Ironically, Friedman's own country, the US, is going through a difficult period characterized by increasing political polarization. It has been suggested that Saudi interest in reaching out to countries such as Russia and China is partly due to mistrust of the US as an ally.

Moreover, is the government of Saudi Arabia normal? Saudi Arabia is an absolute monarchy ranked 150 out of 167 countries on the 2022 Democracy Index compiled by the Economist (Israel ranked 29, one spot ahead of the US). Until recently, Saudi women could not even drive a car!

Friedman also claims that the Netanyahu government's aim is to forget the two-state solution to the Israeli-Palestinian conflict and annex the West Bank. Like Mr. Friedman, I believe in a two-state resolution, and I too think that annexing the West Bank would be a mistake. But what about some context? Do the Palestinians want a two-state solution?

In the same article, Friedman refers to the 1936 Peel Commission partition proposal. This was a proposal that would have allocated just 17 percent of Mandatory Palestine to a Jewish state and a much larger portion to a Palestinian state. Faced with the danger that would later become the Holocaust, the Zionists reluctantly accepted, while the Arabs of Palestine would not even agree to meet with members of the Commission.

This same inability by the Arab world to accept the existence of a Jewish state occurred after 1947, when, as Friedman notes, the UN voted to partition Palestine. Arab rejection of Israel as a state appeared again in 1967, after the Six-Day War when the Arab League resolved that there would be no peace, no recognition, and no negotiations with Israel.

Intensive negotiations toward a settlement between Israelis and Palestinians have included the Oslo Accords of 1993 and two occasions, 2000 and 2008 when far-reaching concessions offered by Israel toward a Palestinian state in Gaza and the West Bank were rejected. In fact, the Palestinian suicide bombers of the Second Intifada (1987-1993) contributed to the demise of the Israeli political Left and the rightward shift of Israeli politics.

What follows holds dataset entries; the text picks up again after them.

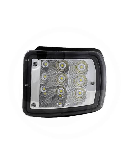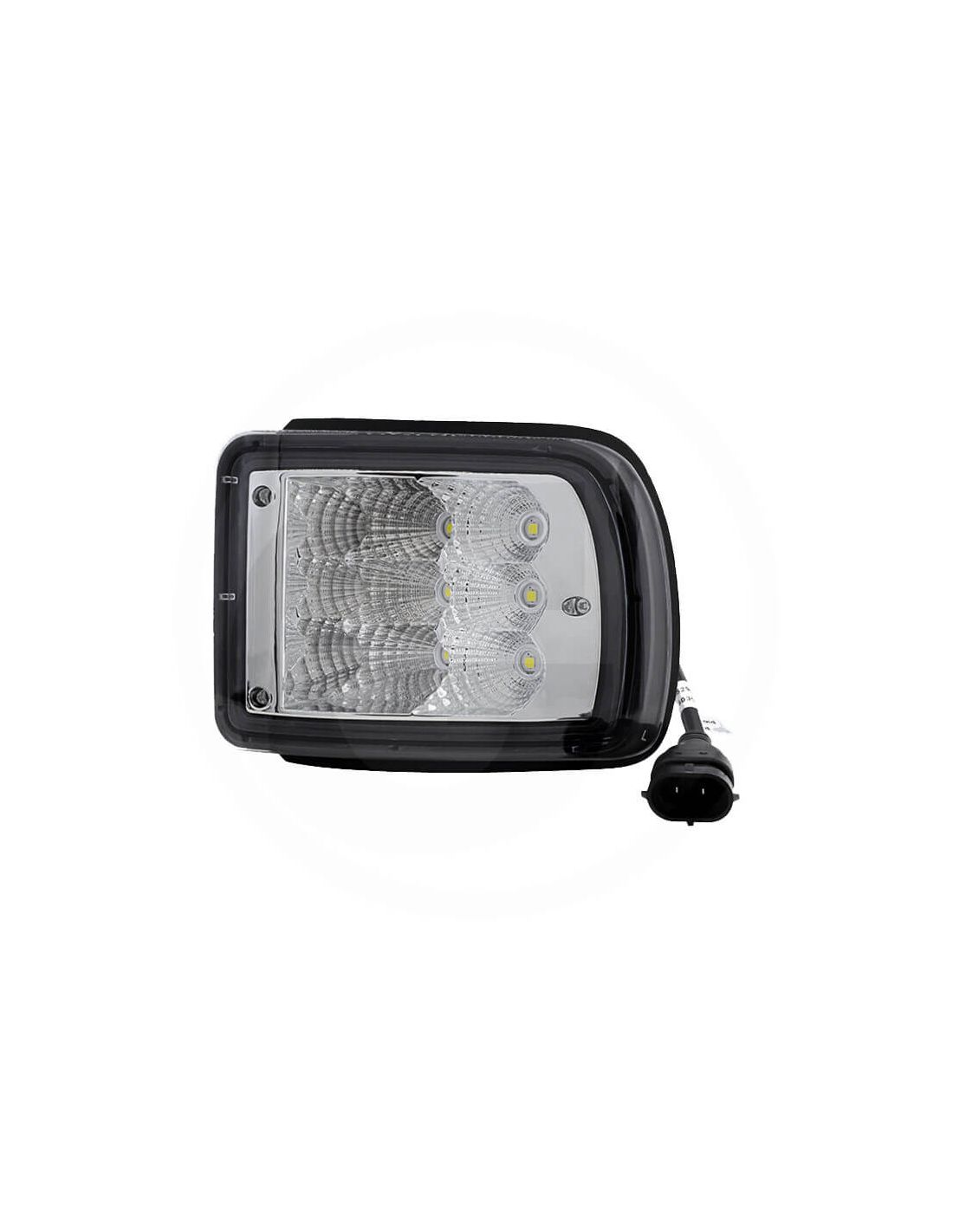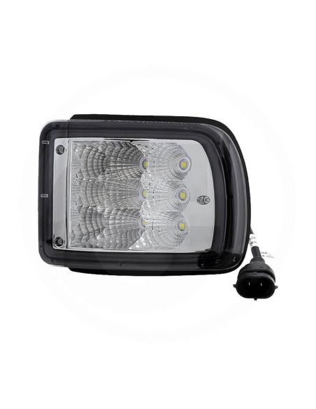 Faro de trabajo cunetero LED 20W con 3.000 lúmenes y conector H11, compatible con tractores John Deere de las series 20, 30 y 5M. Sustituye a los faros laterales originales para iluminar cunetas, lindes y periferia del apero con un haz ancho y uniforme. Instalación plug and play en el punto original, sin cortes de cable. Carcasa en aluminio, lente de alto rendimiento y disipación térmica eficiente para uso profesional. Ideal para labores nocturnas o en baja visibilidad, mejorando seguridad y productividad con bajo consumo.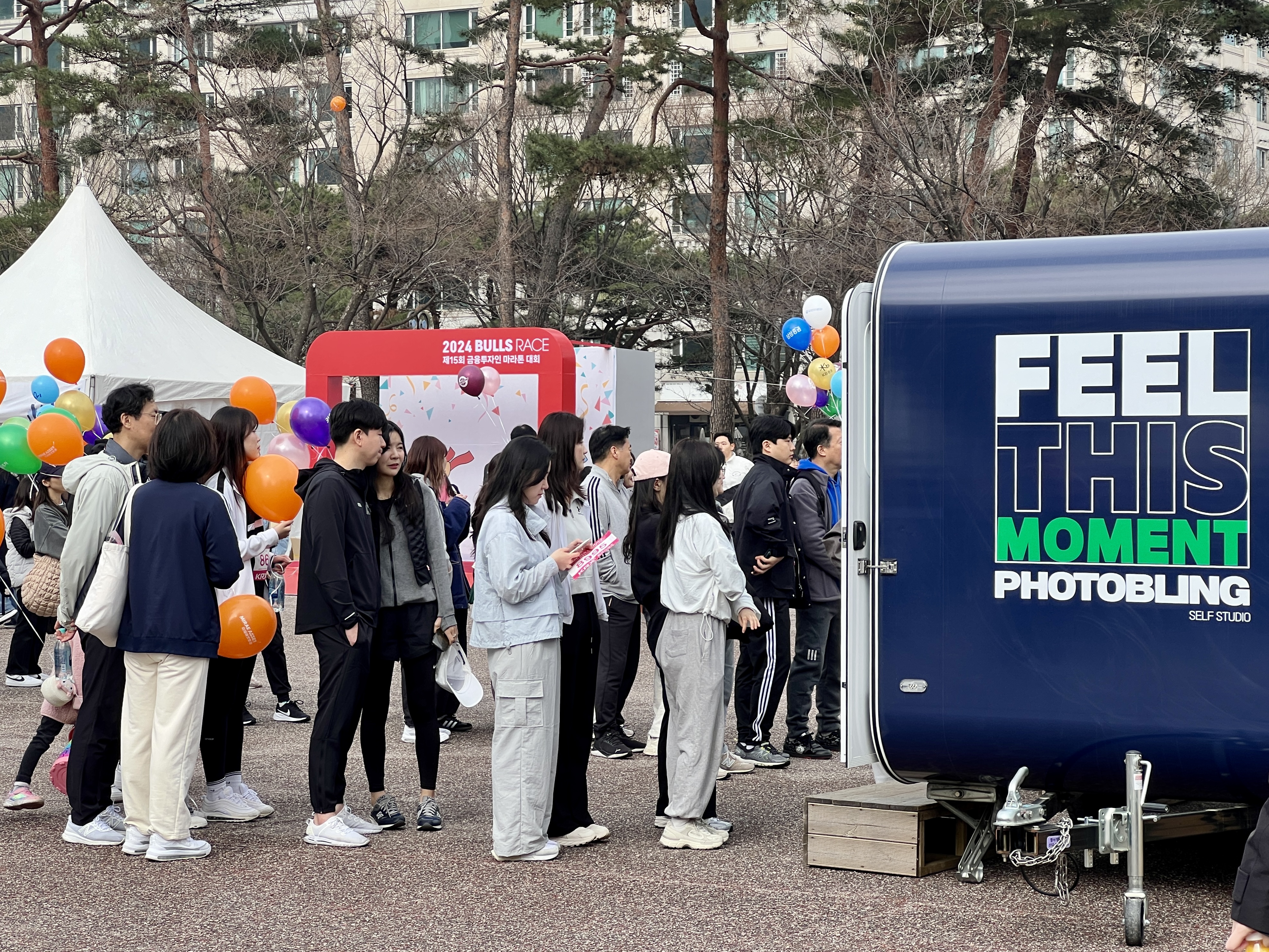 직장 동료와 즉석 사진을 찍은 인사팀 임정은 과장은 “불스 레이스에 처음 참가했는데, 분위기가 화기애애하고 직원들을 회사 밖에서 보니 새롭고 즐거워요.”라며 뿌듯한 표정으로 번호표를 가슴까지 올려 보였다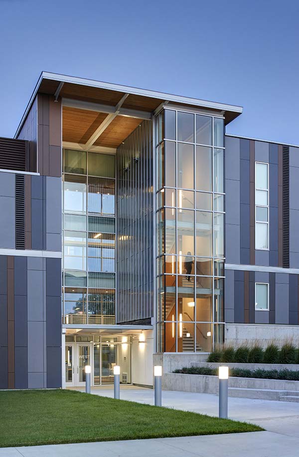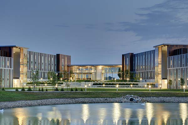 Completed in 2015, Campus View replaces aging housing with a modern, community-forward residence hall that keeps students a short walk from class and plugged into campus life. The plan emphasizes daylight, shared lounges, and outdoor connections, taking advantage of views across NIACC's lakes while stitching the hall back to the academic core. Three suite types—Double, Semi-Private, and Full—pair private bedrooms with shared living, and are supported by commons, study areas, and an on-site dining program. Capacity scales to serve nearly four hundred residents, reinforcing a true residential experience at a community-college scale.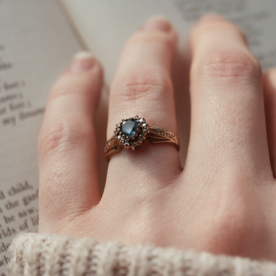 Magical unique 9ct gold ring with the most romantic ocean blue stone centre.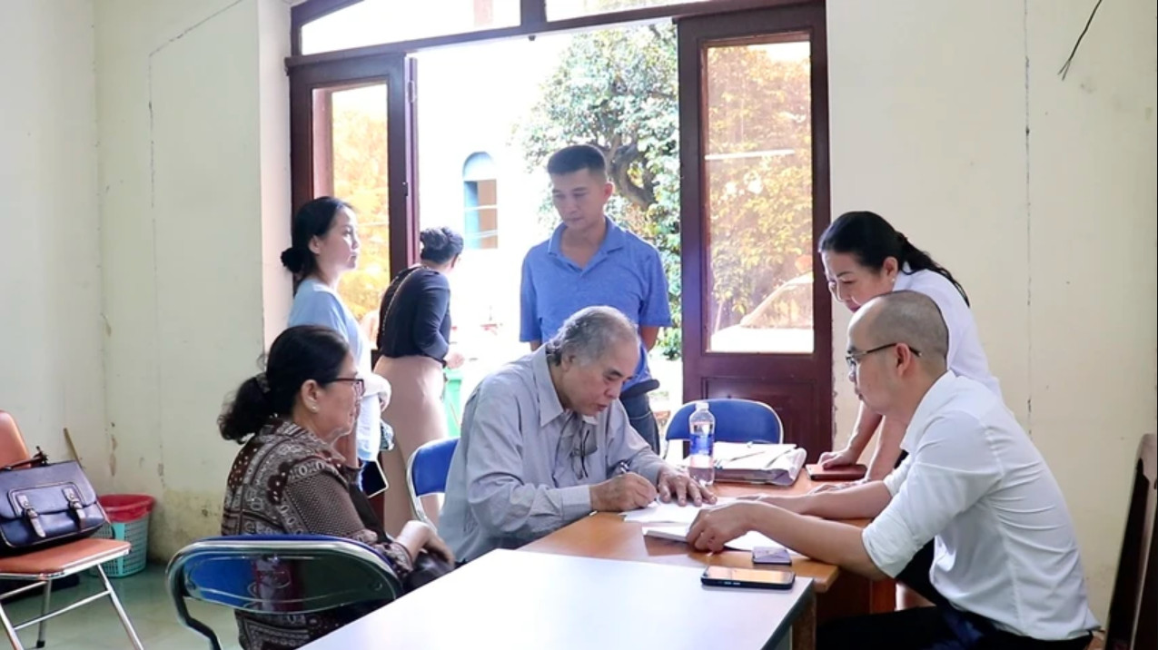 Ông Quyện ký nhận lại bản chính giấy tờ nhà đất. Ảnh: TUYẾT HỒNG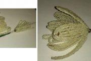 Петельку также нужно разрезать, концы проволоки загнуть и обрезать лишнее. Плетем еще 5 лепестков с 7 дугами. Теперь нужно сплести еще 14 лепестков из 11 дуг.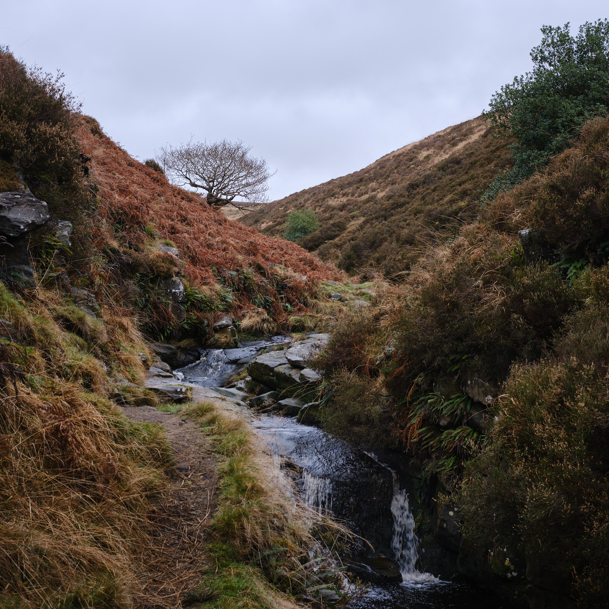 Of course I chose the latter, but hadn't mentally prepared myself for just how slippy it would be, so it took the best part of two hours carefully negotiating the slippery surface to reach the point where the gorge opens out into a wider valley where I would leave the brook and head up onto the moors (albeit briefly).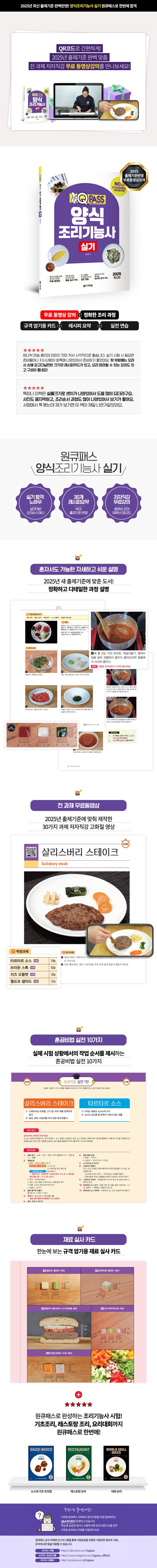 또한 무료 동영상을 제공하여 실기 시험을 준비할 때 어느 부분에 초점을 맞춰야 하는지 파악할 수 있어 단기간의 효과적인 학습이 가능하다. 조리기능사 실기 시험에서 중요한 ‘합격 포인트’도 수록하여 수험생의 완벽한 학습을 돕는다.

Today, the two million Palestinians of Gaza are hostages to Hamas, a terrorist organization that has no interest in a two-state solution, while Mahmoud Abbas, the leader of the Palestinians in the West Bank, questions the historicity of the Holocaust. Nor does Hezbollah, a terrorist-Iranian proxy in Lebanon, or the Government of Iran, support the existence of the Jewish state.

The American historian Daniel Pipes is correct when he said, in a 2023 Jerusalem Post interview with Seth Frantzman, that the struggle between Israelis and Palestinians will only end when the Palestinians give up their goal of eliminating Israel.

Today, the conflict has evolved to include a Palestinian-led international effort to delegitimize Israel. Perhaps Mr. Friedman does not get the meaning of the slogan "from the river to the sea," but I do.